Chapter 7: “Data Modeling and Preparation”
Databases aren’t just containers for data, they're structured systems. A good data model ensures:
- Consistency: no conflicting or redundant data
- Efficiency: fewer joins, faster queries
- Scalability: easier to expand or change
- Integrity: fewer bugs and edge cases
Whether you're building a student tracking system, a biodiversity survey database, or a business dashboard, modeling your data upfront saves time downstream.
Types of Data Models:
- Conceptual Model: High-level, business-focused, Defines entities and relationships
Example: Students enroll in Courses - Logical Model: Focused on structure, independent of DBMS, Includes primary/foreign keys, attributes
Example: Student(student_id, name) - Physical Model: Implementation-ready, Includes indexes, datatypes, storage engines
It’s important to understand what entities, attributes, and relationships are.
- Entities = Things (e.g., Students, Courses, Surveys)
- Attributes = Properties (e.g., name, date, score)
- Relationships = Connections (e.g., Students take Courses)
Use Entity-Relationship Diagrams (ERDs) to visualize how tables relate. Two important key elements to understand are:
- Primary Key (PK): uniquely identifies a record
- Foreign Key (FK): references a PK in another table
Normalization: Reducing Redundancy
Normalization organizes data to reduce duplication. Normalized tables are easier to maintain, improve data integrity, and reduce update anomalies.
Example: Unnormalized vs Normalized Design
Unnormalized: Student(name, major, course1, course2, course3)
Normalized:
- Student(student_id, name, major_id)
- Course(course_id, title)
- Enrollment(student_id, course_id)
It is important to know when to denormalize. Normalization is great for transactional systems, but analytics may require denormalization for performance.
Denormalization examples:
- Storing course_count in the student table
- Joining location and timestamp into one survey row
Important use cases are when read speed > write speed, you control how often data is refreshed, or joins are slowing down critical queries.

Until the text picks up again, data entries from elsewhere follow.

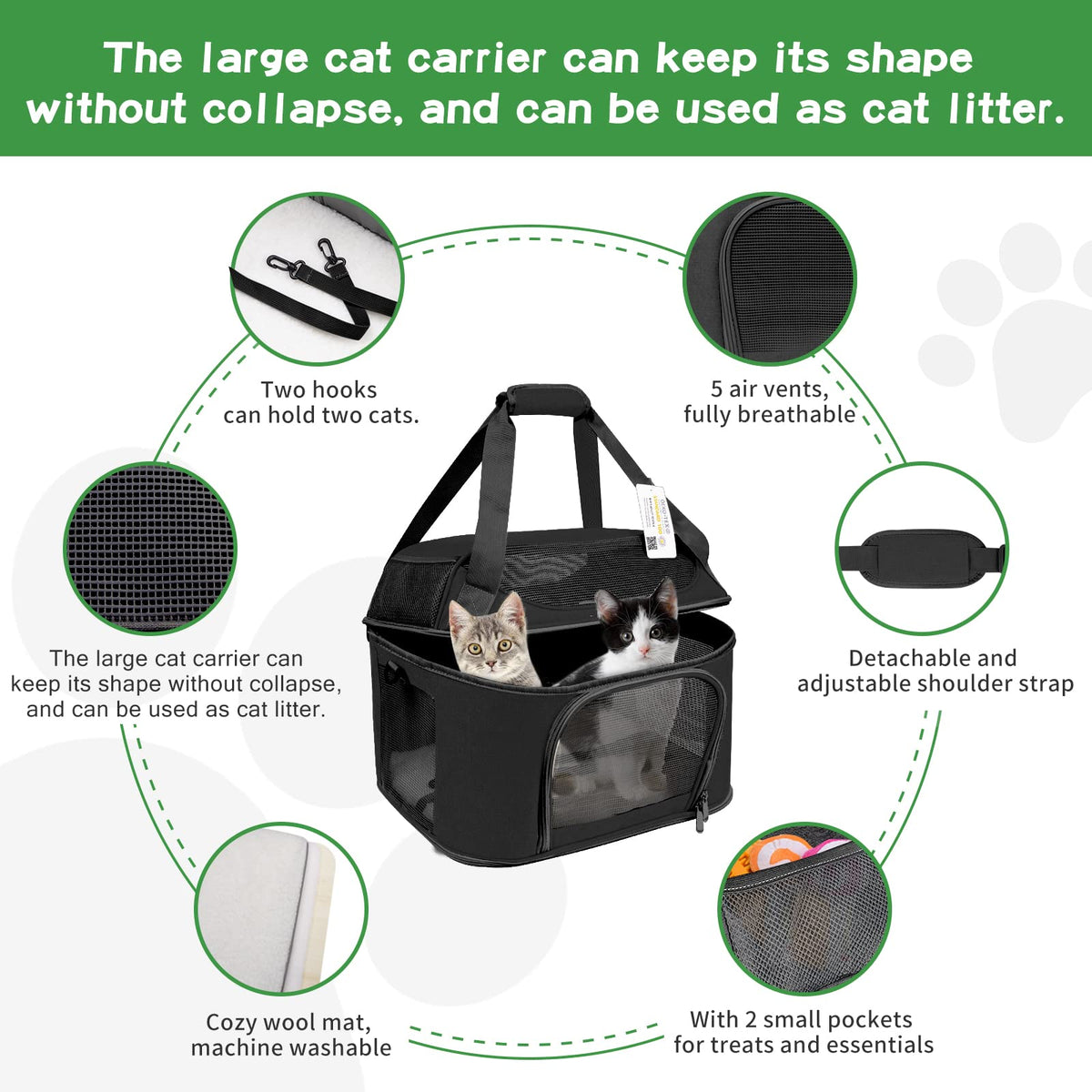 ???CARRIER SIZE? Length: 17” Width: 11.8” Height: 13”. The cat carrier is designed for higher height, the wider width, the more space for your lovely pets. So that our large pet carrier is fit for one medium cat, two small kittens, one or two small doggies. The maximum weight is 20 lbs. Please do measurement before you add to your cart. | ???OEKO-TEX STANDARD 100 CERTIFIED?Our soft sided cat carrier are all gained the ‘’OEKO-TEX STANDARD 100’’ certification, which means our large cat carrier is non-smelly, mild, non-stimulating, and friendly to your lovely cats & dogs. It’s our honor and duty to provide the best products to you and your pets. | ???CUSTOMIZED DESIGN & DURABLE?In order to make our pets have a more comfortable environment, we design the soft-sided cat carrier to be higher, and at the same time have side ventilation windows to make the ventilation inside the travel cat carrier better. Your pets will have enough space to lay down, stand up, switch positions, and feel less trapped. When you are not using the carrier, the whole thing folds down to save space. | ???FULLY FUNCTIONAL?The mesh-paneled and transparent window carrier provides good ventilation and offers a chance for you to see your pet to make sure everything is okay. Contains a removable plush bed to provide comfort for your companion. Equipped with adjustable shoulder straps, a safety harness, and a locking zipper to keep your pup safe. | ???AIRLINE APPROVED CARRIER? With an airline-approved design, you can take your pet to go to everywhere. It has a side strap that you can swipe over a rolling suitcase handle for securing the cat carrier. The pet backpack carrier provides more outdoor possibilities, such as traveling, riding, walking, camping, hiking, and more outdoor activities.
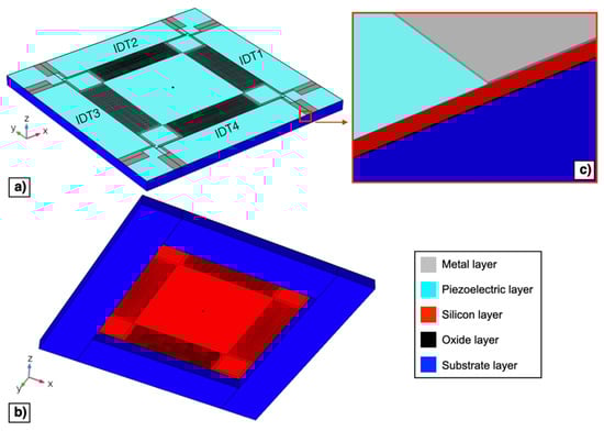 Top (a) and bottom (b) 3D model views of the proposed piezoelectric MEMS device. Enlarged image of the layers employed in the simulation model (c).
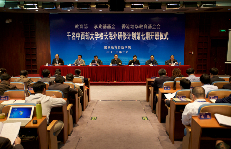 “千名中西部大学校长海外研修计划第七期开班仪式”于10月18日在国家教育行政学院举办,开班仪式由国家教育行政学院副院长牛文起主持。教育部港澳台办公室常务副主任赵灵山和国家教育行政学院党委书记、常务副院长马俊杰出席并讲话,教育部办公厅副巡视员孙海波代表参团学员讲话。
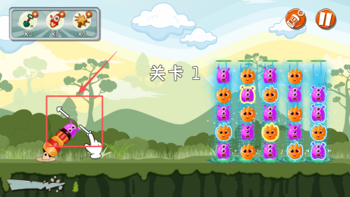 2、瞄准规划炮击:观察萌兽分布,瞄准目标区域调整炮击方向,规划如何让炮击后萌兽凑齐三个及以上同色,为消除做准备。
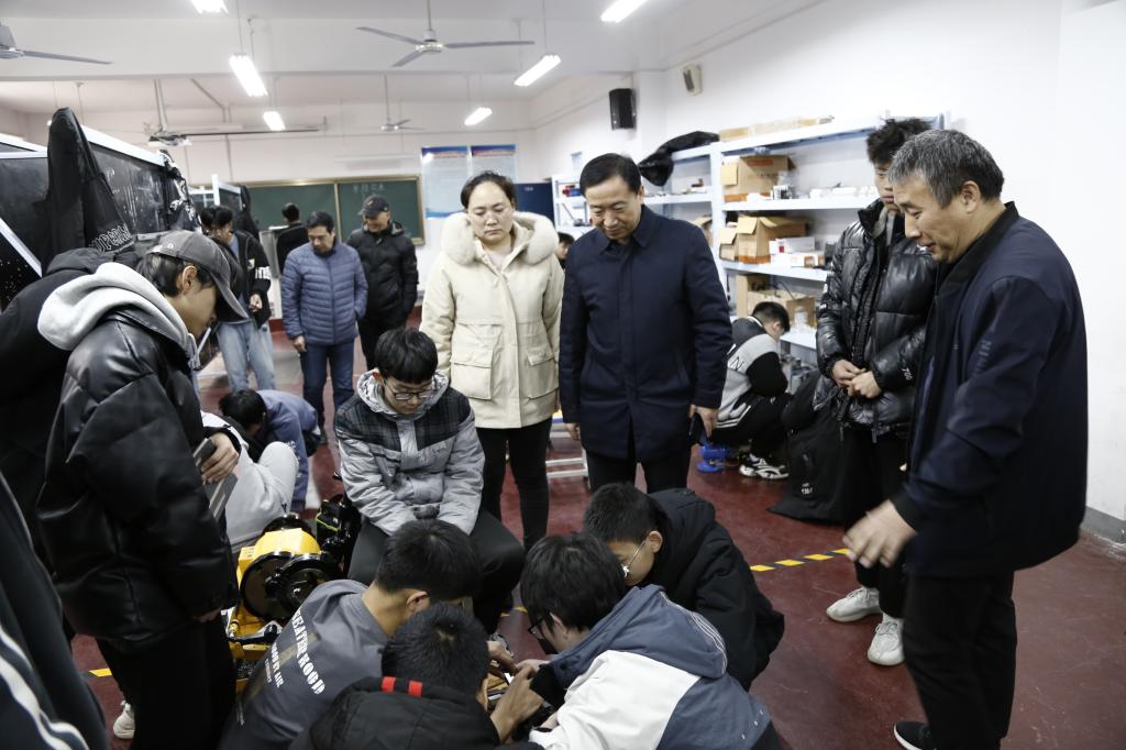 赵亚军一行先后参观了学校风水电专业实训室、接触网实训室、钳工实训室高低压演练场、洛铁站实训中心等实训场地。
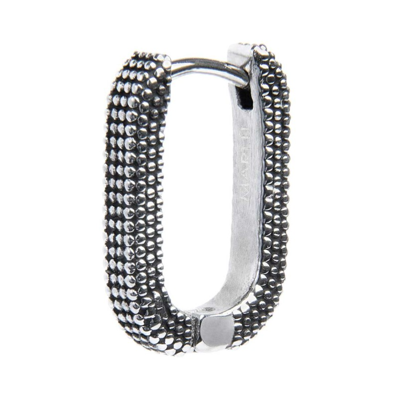 Monorecchino uomo marlù, 33OR0051-N, collezione vision, in acciaio ovale 1, 1*1, 6 cm, con trama puntinata con black oil opaco.

Data Types and Constraints
There are 3 main data types: Integers (INT), Variable Character (VARCHAR), and Booleans (0 or 1). Choosing the right data types is important when you are creating a database.
- Use INT for IDs
- VARCHAR(n) for names
- DATE for dates
- Prefer BOOLEAN to represent true/false
You can also add constraints to enforce rules: The following are important constraints:
- NOT NULL
- UNIQUE
- CHECK
- DEFAULT
Example:
CREATE TABLE survey ( id SERIAL PRIMARY KEY, location TEXT NOT NULL, vegetation_density INTEGER CHECK (vegetation_density BETWEEN 0 AND 100));
Designing for Data Collection:
Before building your database you need to plan for the following:
- Granularity: What does one row represent?
- Consistency: Use controlled vocabularies
- Validation: Use dropdowns and constraints to prevent errors
Data Preparation: Clean Data In = Clean Results Out
Before data hits your database you will need to:
- Clean: remove duplicates, fix typos
- Validate: check ranges, dates, formats
- Standardize: format names, units, values consistently
You can use tools like the following:
- SQL scripts for transformation
- Python (pandas)
- R (dplyr) for preprocessing
- ETL pipelines: dbt, Airflow, Talend
Good modeling and clean data give you a solid foundation. In the next chapter, we’ll explore parallel computing and data pipelines and scaling up how your data is stored, moved, and analyzed.